Use this if you captured data with NO OFFSET applied.

Your "Mean Residuals" represent the Total System Latency + Orbit Error.

1. Formula: Average the 3 Means.

   • (Mean A + Mean B + Mean C) / 3 = New Offset

2. Example:

   • Sat A: 0.570s

   • Sat B: 0.530s

   • Sat C: 0.565s

   • Average: 0.555s

3. Action: Enter 0.555 as your Offset DATE-OBS in your software.

Mode B: Pre-Event Verification

Use this if you captured data with your CURRENT OFFSET applied (e.g., checking before a close approach).

Your "Mean Residuals" represent the Error in your current offset.

1. Diagnostic Rule:

   • Positive (+): You are LATE (Under-corrected).
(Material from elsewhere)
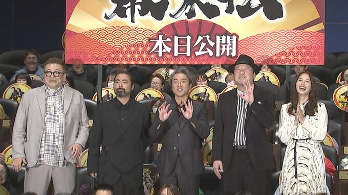 俳優・ムロツヨシさんと佐藤二朗さんがダブル主演を務める映画『新解釈・幕末伝』の初日舞台挨拶が行われ、ムロさんと佐藤さんをはじめ、山田孝之さん、広瀬アリスさん、福田雄一監督が登壇しました。

ADD to offset.

   • Negative (-): You are EARLY (Over-corrected). SUBTRACT from offset.

2. Formula: Current Offset + (Average of 3 Means)

3. Example:

   • Current Offset: 0.567s

   • Average Residual: -0.040s (Negative = Early)

   • Calculation: 0.567 + (-0.040) = 0.527s

4. Action: Update your offset to 0.527s.

8. Maintenance Schedule

When to perform this workflow:

• 🔴 CRITICAL: Immediately before any Fast Mover, Close Approach, or Occultation event. Use Mode B to verify your system is green.

• Hardware Change: New camera, different USB cable, or new USB hub.

• Software Change: Major Windows update, driver update, or capture software update.

• Seasonal: Once per quarter to check for mechanical shutter drift (if applicable) or environmental changes.